Ollie Robinson roars in delight after seeing off David Warner at Edgbaston in June 2023.
Ollie Robinson doesn’t hold back after seeing off David Warner at Edgbaston in June 2023. Photograph: Paul Childs/Action Images/Reuters

It’s now more than 27 months since Robinson gingerly pulled on his England whites in Ranchi and gamely attempted to do a little light cricket. Desperately out of shape and largely adrift from the rest of his touring group, he trundled in and supplemented his diet of slow no-balls with some slower change-ups. He dropped a catch at mid-wicket and was largely hidden from view for the rest of the game, like an illegitimate royal baby. Even then, you couldn’t take your eyes off him: the leaden gait, the hangdog expression, the bleak awareness that he had done something wrong, but still wasn’t quite sure what.

In retrospect, Robinson’s dramatic decline deprived the Bazball era of one of its most temperamentally suited characters. Bundles of natural talent. A rebellious and vaguely scornful attitude. A gregarious, fun-loving character. A dislike of training and a habit of making outlandish statements near microphones that he was only partly capable of backing up. Really, he could have been a poster boy for the whole movement. As it is, his recall at 32 after a cautiously promising spring with Sussex, serves as a kind of final referendum, not just on his own international career but on the entire Stokes/McCullum project. One last staggering dance into the flames. A chance that none of them really deserves, but which we will all unapologetically hate-watch.

We are told Robinson has sobered and matured in the intervening years: county captain, father-to-be, a more reliable teammate. Personally, I believe this only to a certain extent. The thirst for drama simply runs too deep and too gratuitous.

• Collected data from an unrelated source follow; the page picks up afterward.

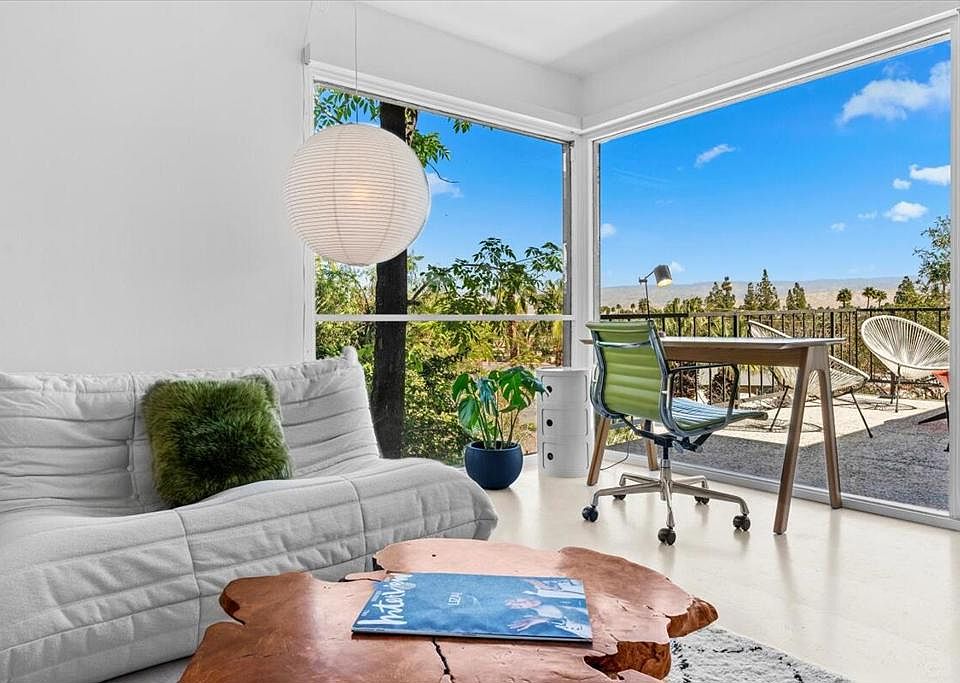 Welcome to the exclusive hillside enclave of Rimcrest, a stunning retreat where mid-century modern charm meets breathtaking panoramic views above Palm Springs. Built in 1967 and designed by Leroy Rose & Harold Carlson this rare freestanding detached condo offers the privacy of a single-family home with the ease of resort-style living. Spanning 1,600 square feet, this beautifully remodeled 2-bedroom, 2-bathroom residence also features a versatile flex space perfect for a home office, den, or bedroom for additional guests, easily made private with original refurbished shoji screens. Stylish updates include new eco-friendly cork flooring, designer-tiled bathrooms, and a sleek galley kitchen with new custom cabinetry and lighting. Step onto your expansive patio, an entertainer's dream, where you can soak in the mesmerizing desert landscape. And when it's time to unwind, a sparkling community pool and spa are just steps away.Furnishings available outside of escrow. Don't miss this rare opportunity to own a slice of Palm Springs paradise!
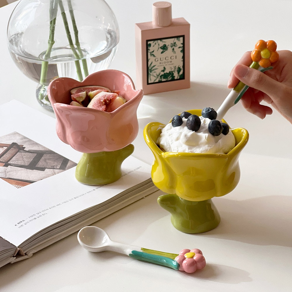 로맨틱 튤립 아포가토컵+꽃 도자기 티스푼세트 요거트컵 아이스크림볼 세라믹
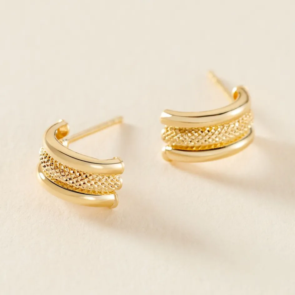 Demi Creoles Or Jaune 750/1000 Effet Diamante
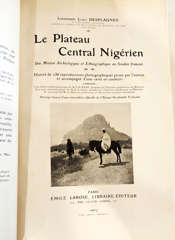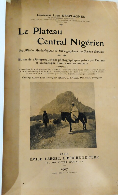 Le plateau central nigérien. Une mission archéologique et ethnographique au Soudan français. (Paris: Emile Larose, 1907). [M.C.: Afrique noire, Mali, ethnologie, archéologie]
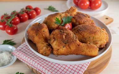 Рецепт віденської курки, точніше, гомілок, універсальний. У тому сенсі, що її можна як смажити, так і запікати. Для панірування використовуємо крихту черствого білого хліба або готові панірувальні сухарі.
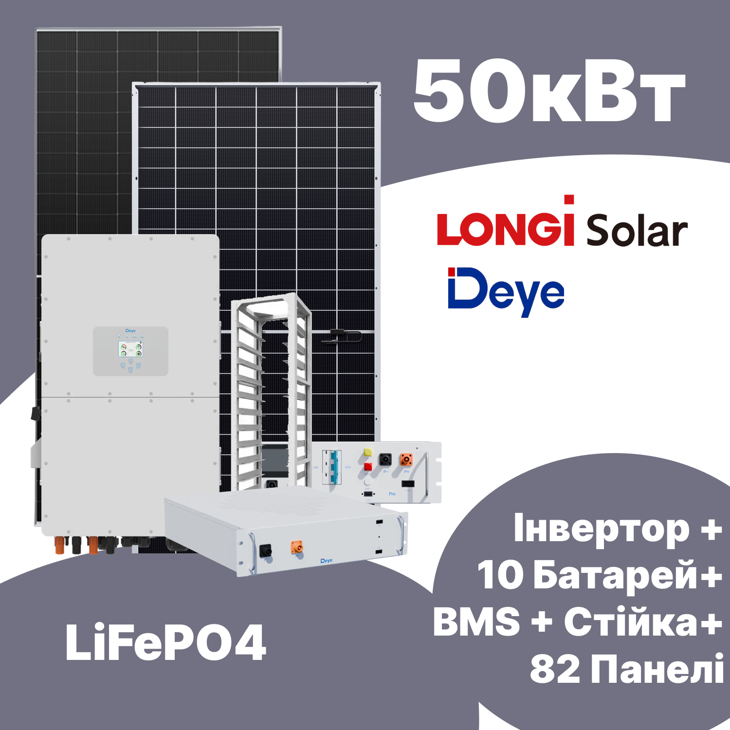 Комплект резервного живлення: інвертор Deye SUN-50K-SG01HP3-EU-BM4 + 10 акумуляторів Deye BOS-G Pro LiFePO4 + BMS Deye BOS-G-PDU-2 + Стійка Deye 3U-HRACK + 82 панелі Longi LR8-66 HGD-610M Bifacial
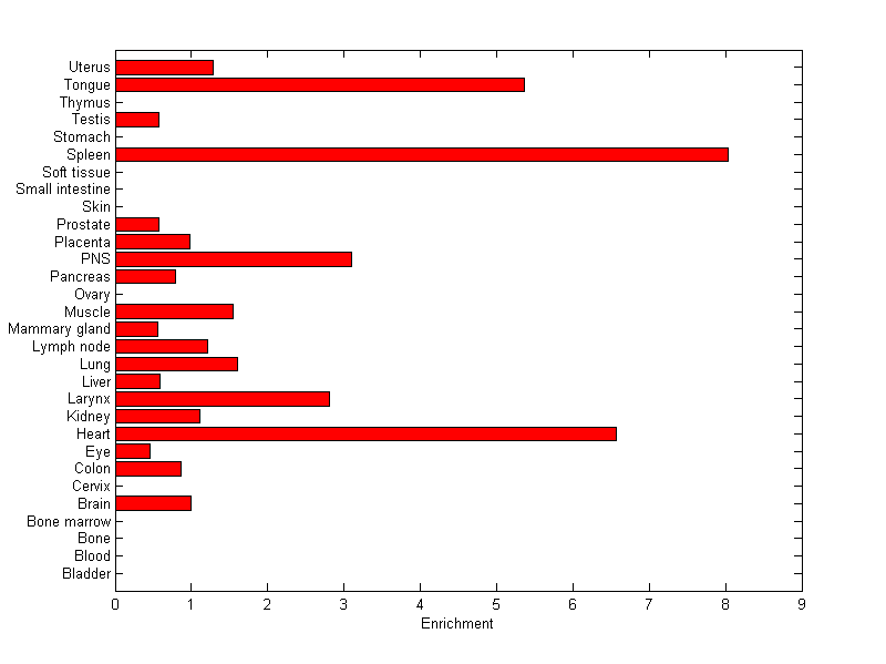 The expression level is normalized with tissue-library size. Each value for a gene in a tissue is a ratio of observed ESTs to the expected one in this tissue. The expected number of ESTs is the product of total ESTs of the gene and the fraction of total ESTs in the tissue among all ESTs in 30 tissues.

This is a guy who entered international cricket – entered! – in a flurry of historical racist tweets, who accidentally gave away team secrets on an unsanctioned podcast he set up with his golf influencer partner (which ended after five episodes), who got right into the nostrils of Ricky Ponting during an Ashes series he wouldn’t even finish. Who even at the start of this season disdained the notion of a disconnect between England and the counties, arguing that most county players are “not good enough for Test cricket”, and that “it’s hard for them to get their heads around that”. You can’t coach that sort of talent, and nor can you truly coach it out.

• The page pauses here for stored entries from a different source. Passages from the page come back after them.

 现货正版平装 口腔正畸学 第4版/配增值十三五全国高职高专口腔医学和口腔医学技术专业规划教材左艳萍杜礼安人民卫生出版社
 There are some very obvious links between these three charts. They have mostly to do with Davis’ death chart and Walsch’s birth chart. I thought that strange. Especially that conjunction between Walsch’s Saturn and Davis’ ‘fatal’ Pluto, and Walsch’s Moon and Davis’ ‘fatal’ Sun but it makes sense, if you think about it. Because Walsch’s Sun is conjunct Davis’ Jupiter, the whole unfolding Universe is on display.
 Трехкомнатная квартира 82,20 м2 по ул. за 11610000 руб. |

And in a team stuffed with Nice Young Lads, fighting for its place in the cultural conversation, as obsessed with engagement and dwell time as results, it may just be that Robinson holds the key to the entire enterprise. You don’t have to like him. You don’t have to despise him. But you definitely have some kind of opinion on him, which is more than anyone can say about Jamie Smith. Smith is a brilliant cricketer and a decent bloke, but he’s also what you’d get if you asked Google Gemini to generate an England cricketer. Surrey. Talented multi-sport athlete as a teenager. Scholarship lad, hits a long ball, gun fielder. Definitely gets ECB clearance before podcasting.

The walls are closing in. The future is already here. MI London has a marketing budget in the millions. The Delhi Gymkhana Club is closing after 113 years. A child with a first-class average of 17 is the best cricketer in the world. The IPL is poised to expand to 94 games in its next rights cycle and before long will have its own six-month window in the international calendar. Meanwhile the Manchester Super Giants will continue to feed us insulting machine gruel to sell its made-up product, because it now owns this space and you do not.

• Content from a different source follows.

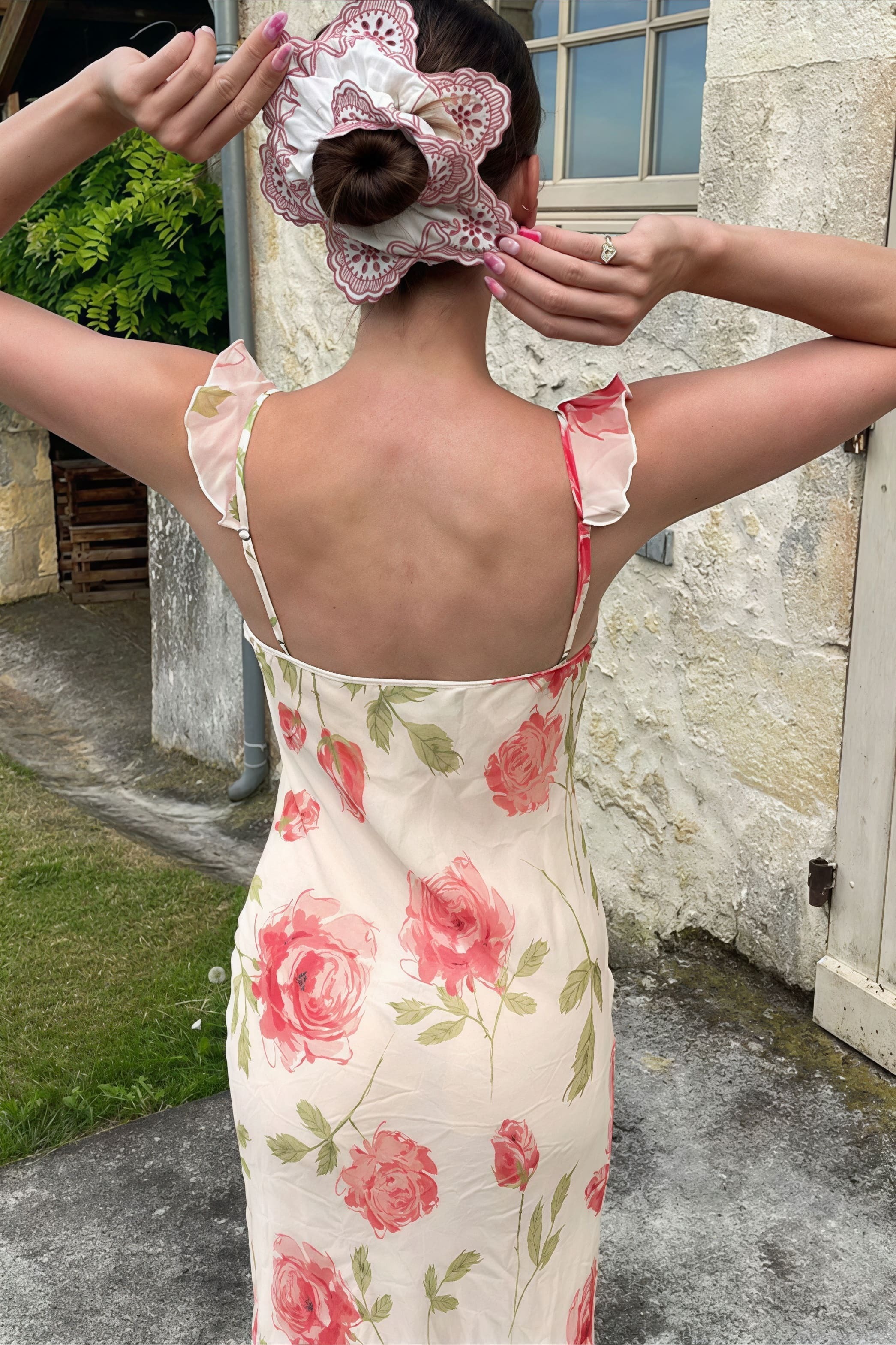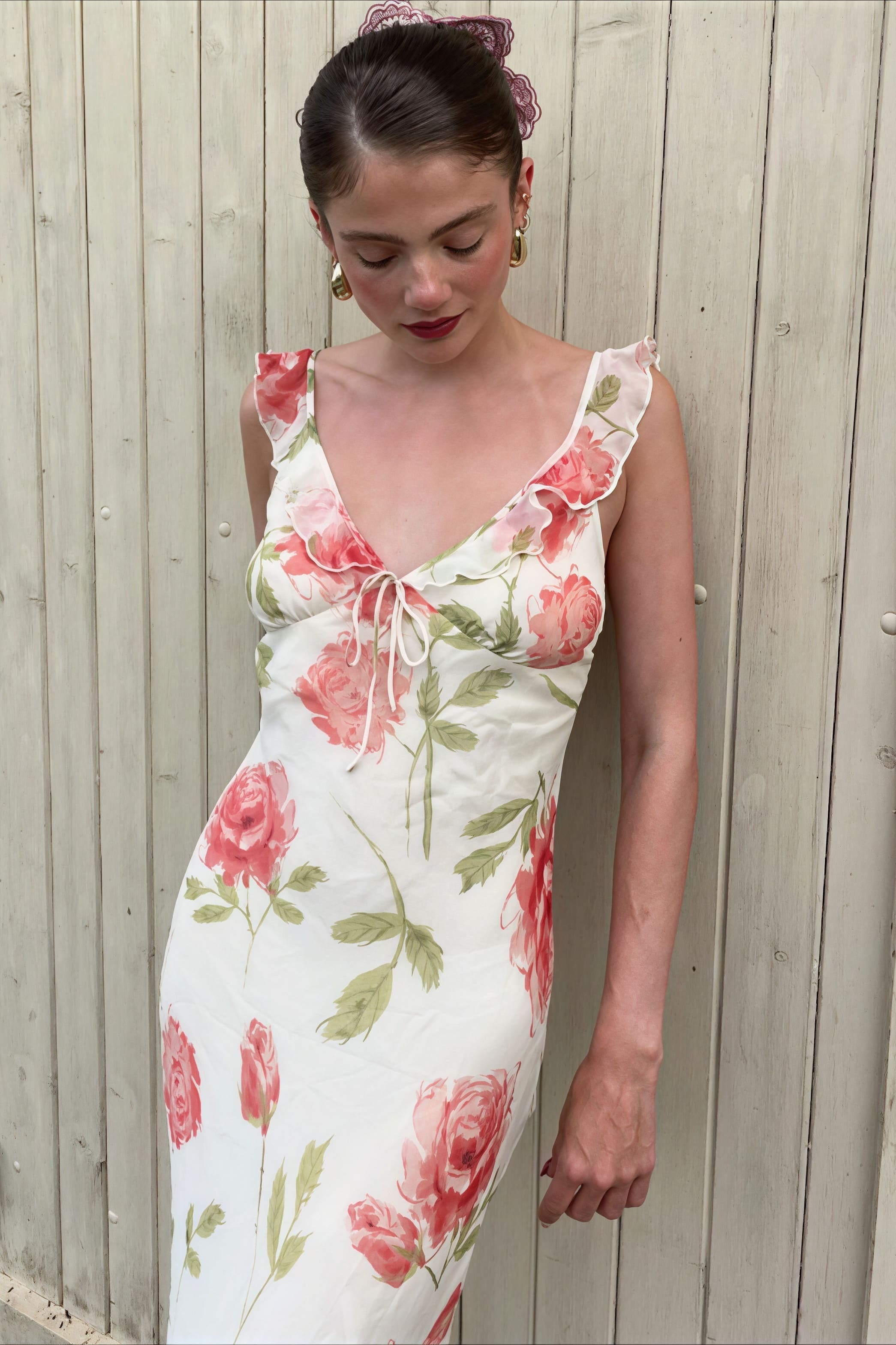 Floral Print Mesh V Neck Cami Midi Dress

What do we have in response? A slightly chubby lad from Margate, perhaps the last guy on earth who can make 81mph red-ball seam bowling look iconoclastic and countercultural, maybe even a kind of forlorn last stand, a final attempt at making this thing look and feel real. Not the website bot who apologises for misunderstanding your search query, but the human operator who tells you to fuck off, you fucking prick. Robinson is nobody’s idea of a hero. But in a team besieged by indifference, in a summer pincered sharply at both ends, he may just have to do for now.